▶ What to work on
Only the lines below between the one holding "澳門地產發展商會、世界不動產" and the one holding "El XXIX Festival", inclusive, are to be reproduced word for word; the pictures are to be left out.

*** Opening of Data for this exercise ***

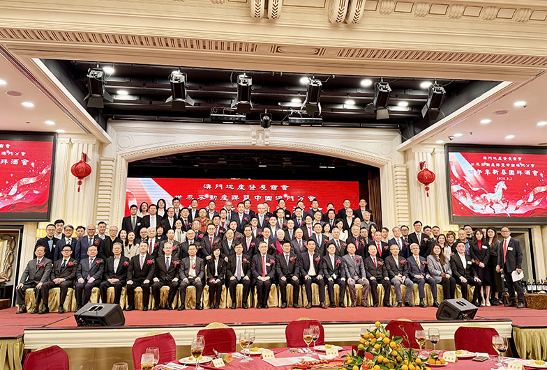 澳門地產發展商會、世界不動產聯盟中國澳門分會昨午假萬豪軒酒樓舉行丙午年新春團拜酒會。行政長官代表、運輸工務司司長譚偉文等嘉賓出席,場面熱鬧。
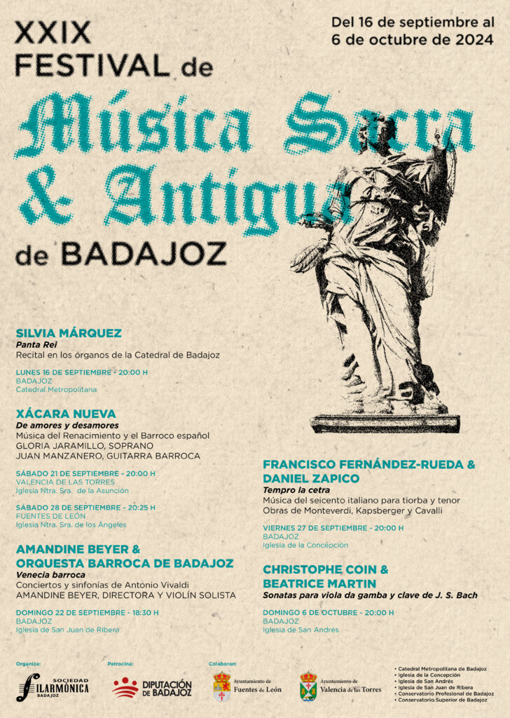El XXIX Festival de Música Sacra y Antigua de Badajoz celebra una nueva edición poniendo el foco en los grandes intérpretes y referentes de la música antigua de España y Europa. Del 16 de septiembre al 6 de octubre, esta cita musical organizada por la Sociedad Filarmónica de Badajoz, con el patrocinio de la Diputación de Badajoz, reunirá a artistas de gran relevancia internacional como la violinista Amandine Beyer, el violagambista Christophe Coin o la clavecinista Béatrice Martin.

*** Close of Data for this exercise ***
*** Opening of Data for this exercise ***

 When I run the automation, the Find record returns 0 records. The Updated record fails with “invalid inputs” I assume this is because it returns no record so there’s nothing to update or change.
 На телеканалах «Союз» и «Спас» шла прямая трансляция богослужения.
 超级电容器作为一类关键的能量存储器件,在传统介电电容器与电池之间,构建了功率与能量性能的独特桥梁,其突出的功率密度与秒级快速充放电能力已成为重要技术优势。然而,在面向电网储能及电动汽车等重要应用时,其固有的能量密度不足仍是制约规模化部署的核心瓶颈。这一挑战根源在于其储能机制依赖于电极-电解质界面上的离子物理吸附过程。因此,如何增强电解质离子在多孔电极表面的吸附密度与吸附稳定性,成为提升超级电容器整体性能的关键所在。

*** Close of Data for this exercise ***

▶ Response box
 澳門地產發展商會、世界不動產聯盟中國澳門分會昨午假萬豪軒酒樓舉行丙午年新春團拜酒會。行政長官代表、運輸工務司司長譚偉文等嘉賓出席,場面熱鬧。
El XXIX Festival de Música Sacra y Antigua de Badajoz celebra una nueva edición poniendo el foco en los grandes intérpretes y referentes de la música antigua de España y Europa. Del 16 de septiembre al 6 de octubre, esta cita musical organizada por la Sociedad Filarmónica de Badajoz, con el patrocinio de la Diputación de Badajoz, reunirá a artistas de gran relevancia internacional como la violinista Amandine Beyer, el violagambista Christophe Coin o la clavecinista Béatrice Martin.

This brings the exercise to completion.